Experimental Structure Probing Data
While RNA secondary structure prediction yields good predictions in general, the model implemented in the prediction algorithms and its parameters are not perfect. This may be due to several reasons, such as uncertainties in the parameters and the simplified assumptions of the model itself. However, prediction performance can be increased by integrating (experimental) RNA structure probing data, such as derived from selective 2’-hydroxyl acylation analyzed by primer extension (SHAPE), dimethyl sulfate (DMS), inline probing, or similar techniques.
Such experimental probing data is usually integrated in the form of small pertubations in the evaluated energy contributions (Soft Constraints) that effectively guide the prediction towards the information gained from the experiment.
Specialized Modules:
Structure Probing Data Workflow
Our implementations follow a particular workflow that basically divides the application of the structure probing data into three steps:
Pre-processing of the probing data
Conversion of the pre-processed data into pseudo energy contributions
Passing the pseudo energies to the soft-constraints interface
The first two steps are handled by a dedicated strategy, that basically is a
single callback function (vrna_probing_strategy_f). Then, the probing data and
the strategy need to be bundled, e.g. by vrna_probing_data_linear(), to obtain
a data structure of type vrna_probing_data_t. This data structure is then passed
to the vrna_sc_probing() function that performs the last of the three steps by
calling the strategy to process the data and adding the derived pseudo energy
contributions as soft constraints.
We already implemented a few different strategies that can be used out-of-the-box, i.e. we provide wrappers that generate the bundled data structure for a particular strategy. The available API symbols can be found in Strategies for Linear Data.

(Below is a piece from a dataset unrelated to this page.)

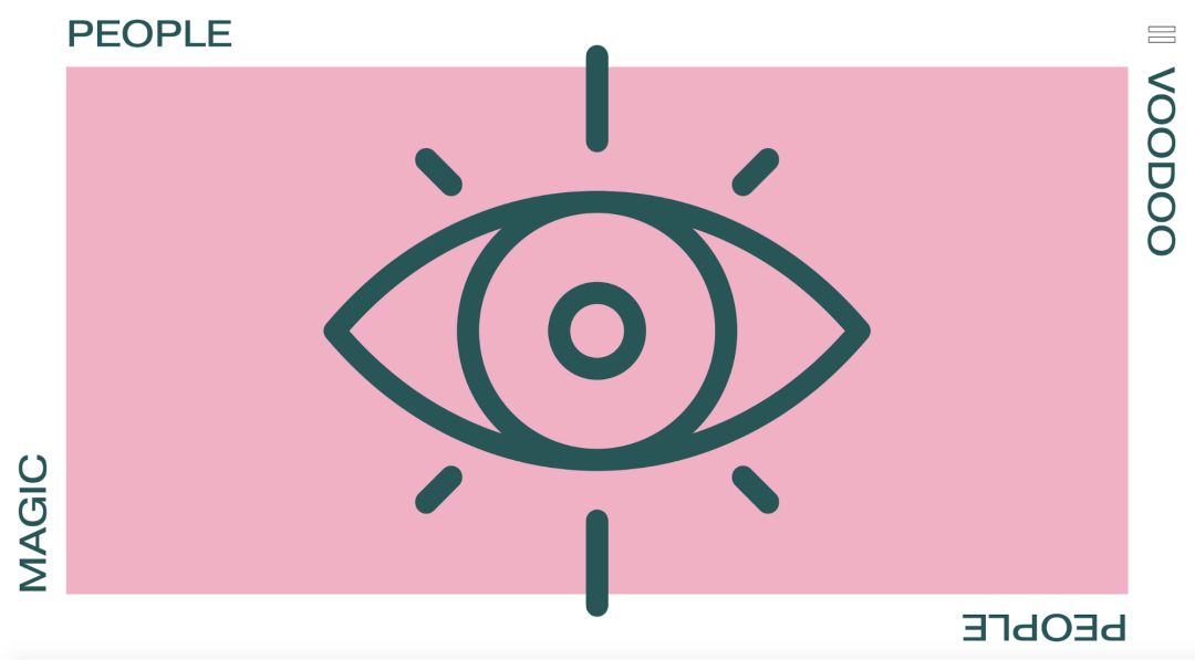 在創(chuàng)意機構 Magic People Voodoo People 的網站上,則在四角上使用了水平和垂直的文本來昭示它的名稱:

However, the generic interface allows for any user-defined strategy, thus new strategies can be easily implemented by the user and then passed to our API.

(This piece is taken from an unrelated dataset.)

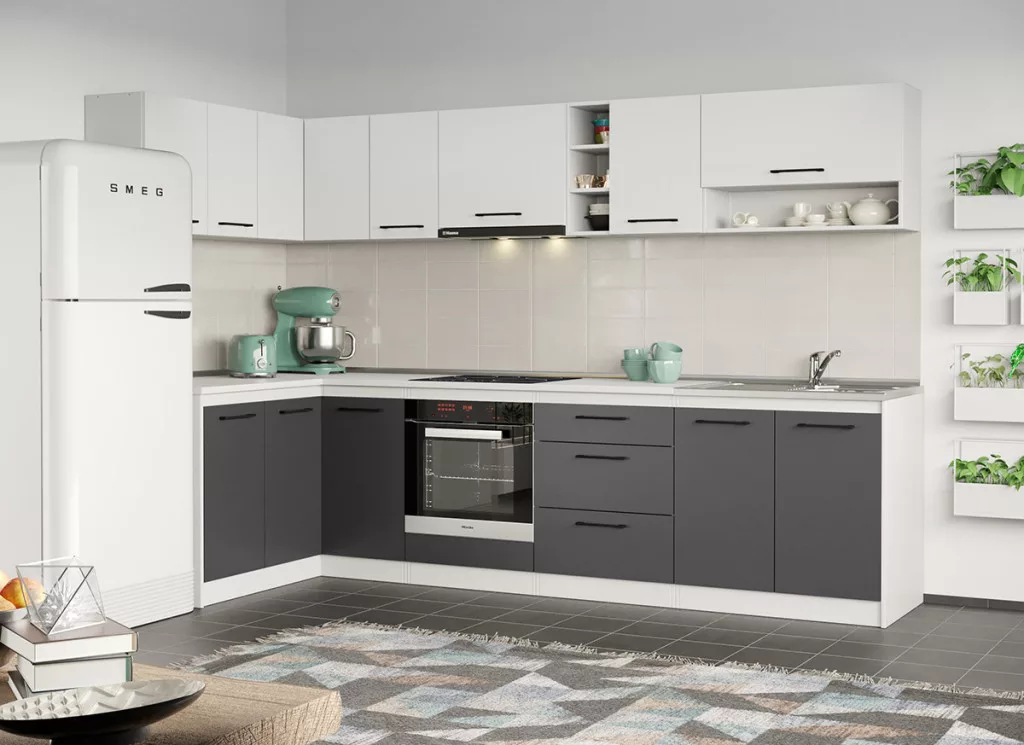 A Lorand konyhablokk alsó, felső, és magas elemei tágas tárolóhelyet biztosít a beépíthető készülékek, és a konyhai eszközök számára. Az elemek 16 mm-es préselt forgácslapból készülnek. A fehér és az antracitszürke kombinációja eleganciát és kifinomultságot közvetít.

After all the above three steps are done, any prediction (MFE, partition function, etc.) will acknowledge the probing data and therefore guide the prediction based on it.
In the following, you’ll find the respective API symbols that allow for the integration of experimental probing data.
Generic Probing Data API
Include Experimental Structure Probing Data to Guide Structure Predictions.
Defines
-
VRNA_REACTIVITY_MISSING
#include <ViennaRNA/probing/basic.h>
Typedefs
-
typedef struct vrna_probing_data_s *vrna_probing_data_t
A data structure that contains RNA structure probing data and specifies how this data is to be integrated into structure predictions.
#include <ViennaRNA/probing/basic.h>
Functions
-
int vrna_sc_probing(vrna_fold_compound_t *fc, vrna_probing_data_t data)
Apply probing data (e.g. SHAPE) to guide the structure prediction.
#include <ViennaRNA/probing/basic.h>
- SWIG Wrapper Notes:
This function is attached as method sc_probing() to objects of type fold_compound. See, e.g.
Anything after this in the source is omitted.